Did Sarah snicker?
The apostle Paul doesn't think so.
Sure, Sarah laughed within herself and she denied she did, perhaps because she was trying to be polite, or perhaps because she was afraid that she might get yelled at.
But Abraham laughed as well and for the same reason, namely out of gladness for becoming a father (Genesis 17:17).
Being childless was a great grief, especially in those days and especially for women. But Abraham and Sarah had received a big promise some time before: they were going to be parents for sure, even the arch-parents of a great nation.
To mark that promise, Abraham had circumcised himself, his son Ishmael and the entire village that he ruled. And to put that in perspective: previously, Abraham waged a war with 318 men that were born in his house (Genesis 14:14). Add to them their elderly fathers and an untold number of foreign-born men and you have an idea of what an operation this would have been. Abraham must have been an incredibly persuasive man to get this all done. No man will surrender a piece of his penis without having been presented with an exceptionally good reason, and no woman will have her husband incapacitated for quite some time (Genesis 34:25) for just an airily inkling.
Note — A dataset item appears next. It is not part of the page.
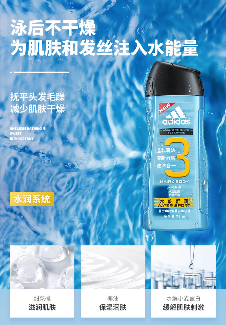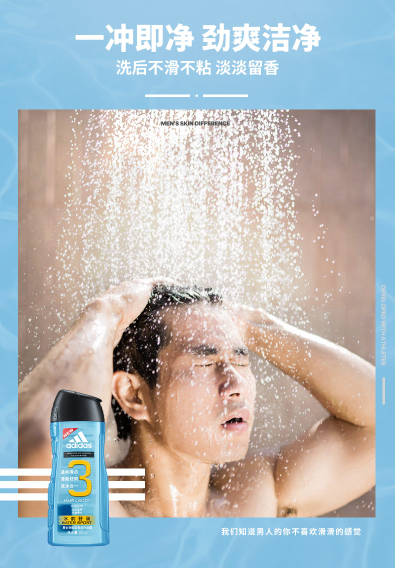 商品名称:阿迪达斯男士功能型香波沐浴露—水韵舒润250ml 婴儿蓝

Sarah, being Mrs. Mayor, was most likely busy for months afterwards appeasing the women folk, explaining what was going on and the whole enterprise was certainly impossible to not pay heed to or even forget.
In addition to that, Sarai was re-named Sarah, so that every time someone called her, she was reminded of the fact that God promised her a child. And when she overhears a visiting stranger assure her husband that she will be a mother same time next year, her heart leaps for joy and she laughs, just like Abraham.
The stranger's response is full of encouragement and kindness: "Go ahead. Be glad. Be openly happy."
Centuries later, Paul writes, "By faith even Sarah herself received ability to conceive, even beyond the proper time of life, since she considered Him faithful who had promised." (Hebrews 11:11)
Sarah's faith existed before she conceived of Isaac, not after, and she laughed because of that faith.